# Year End Player Assessment-Player One: Dirk Nowitzki



## Dre (Jun 20, 2003)

38.1 MPG 26.1 PPG 9.7 RPG 3.1 APG 1.5 BPG 1.2 SPG 45.9 FG% 86.9 FT%​39.9 3FG%​
1st Team All-NBA​
NBA All-Star Reserve​
Eclipsed the 10,000 point mark this year​



P.S.: This is an idea we "borrowed" from the Raptors board. Thanks guys!​


----------



## SMDre (Jan 28, 2005)

Dirk did improve his play and aggresiveness, but his flopping is hurting the team. I hope next year he goes to the basket to finish instead of drawing fouls. He also needs to take more 3's.


----------



## Drewbs (Feb 16, 2004)

For the season, his play has far exceeded my expectations.
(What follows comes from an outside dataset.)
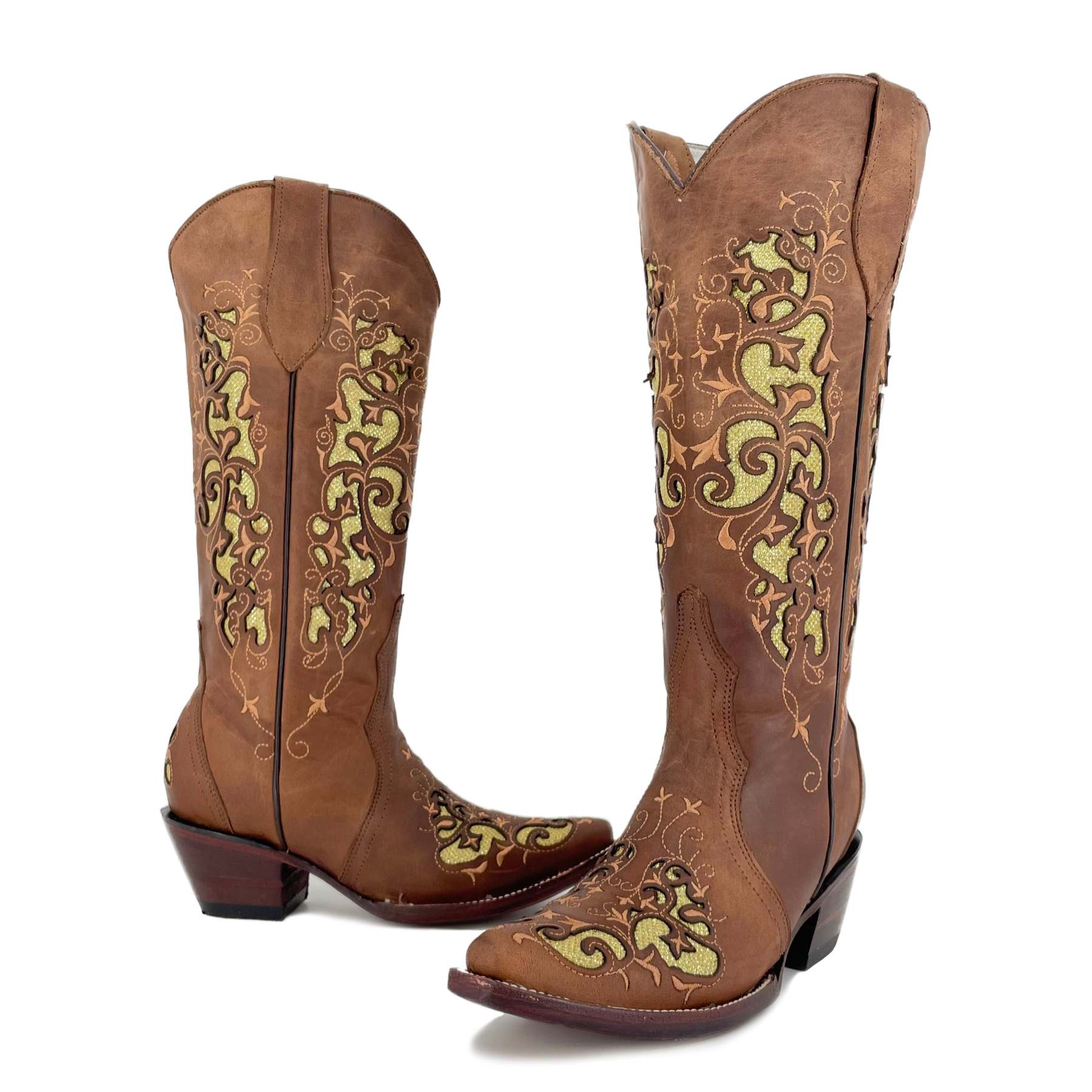 With a tobbaco leather, an intricate glitter inlay desig and snip toe, our Glitter Western Boots gives a western look. Easy to match with your favorite outfit.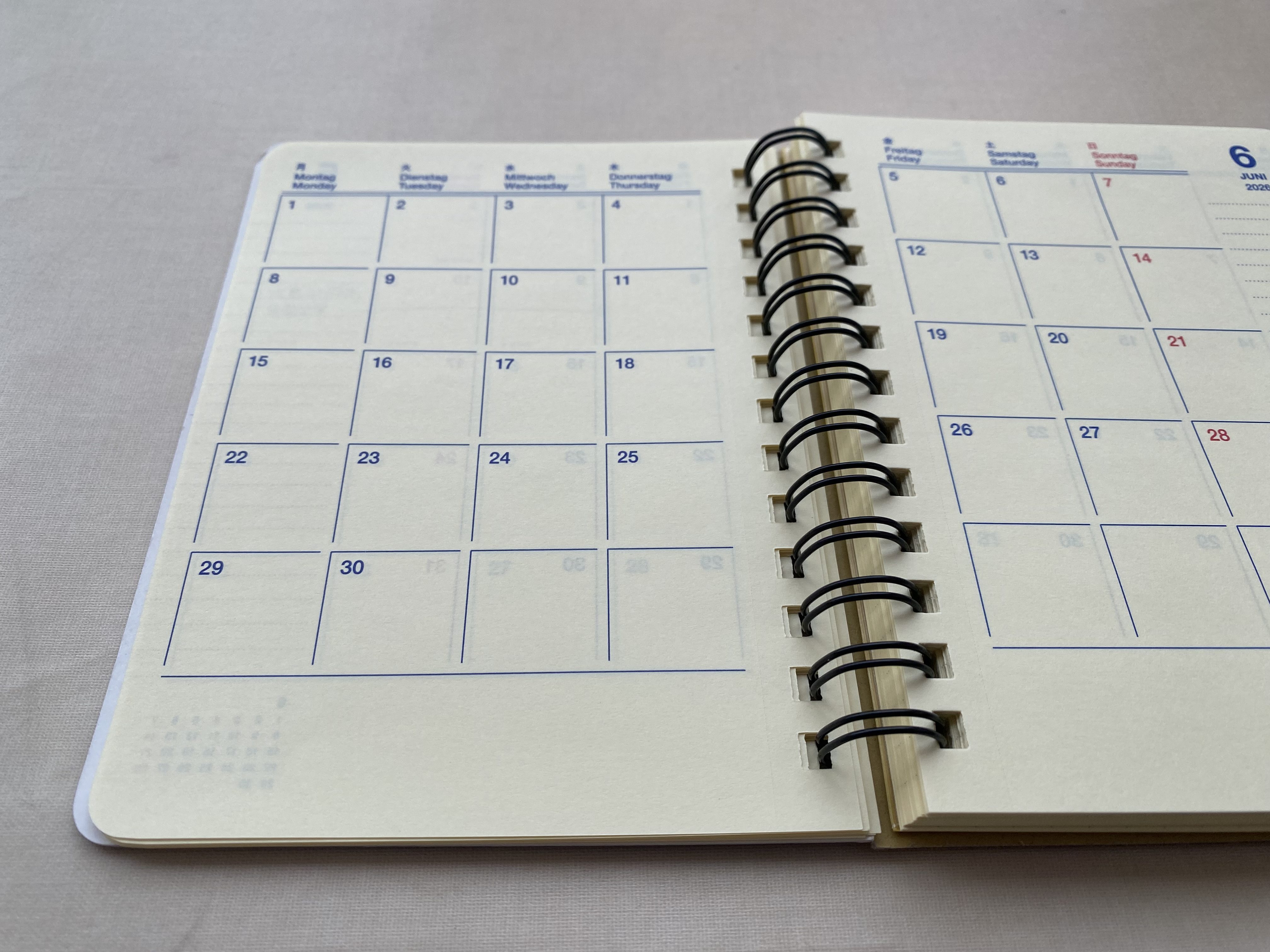 黄色いと言っていた紙は「これくらい黄色くないと安心しない」みたいな境地になってきてたまにキャンパスノートとかを見ると「白!!」とびっくりするほど。カレンダーも見慣れれば使いこなせてしまって、リング部分に手が当たるのも「そう、さして、手間ではない!」という境地に至るようになりました。

Take away Nash, and an entire cast of unfamiliar players around him, he has been better on offense and defense. 

The postseason is a whole different story.


----------



## The Future7 (Feb 24, 2005)

This yea I think Dirk played better than I thought he would. I agree with SMDre that his flopping hurts the team.


----------



## mike (Jun 11, 2002)

Man I used to love Dallas and Dirk but fact is he's a crybaby *****.


----------



## Tersk (Apr 9, 2004)

I think we should do A,B,C,D,E,F as grades, but thats just IMO

Personally, I'm torn between giving Dirk the top or second top one, due to his lackluster playoffs

He had a great season, and became the only player who never attended high school or college in America to get onto the All-NBA 1st team so he gets the highest vote from me


----------



## cpawfan (Jun 20, 2004)

Dirk's regular season was great and he lead the team to a very good regular season record. However, in the playoffs, the Suns exposed that he can't take advantage of size mismatches. Dirk needs to add a true post game to his skill set so that when a team attempts to guard him with a point guard, he can run off a screen and set up on the block.


----------



## nutmeged3 (Apr 11, 2005)

do u mean the whole season including playoffs or just the regular season b/c that changes the vote depending on which one it is


----------



## Tersk (Apr 9, 2004)

Everything


----------



## mike (Jun 11, 2002)

I'll give him a B as in *****.


----------



## VeN (May 10, 2005)

I want all these dirk bashing posts to be brought back next year when hes dominant. And he will be.


----------



## LionOfJudah (May 27, 2003)

I'm sorry but after his pathedic playoff performance I wouldn't care if we replaced him with an all-star who has some balls. Honestly, some of the best runs we had against the Suns were when he was on the bench. 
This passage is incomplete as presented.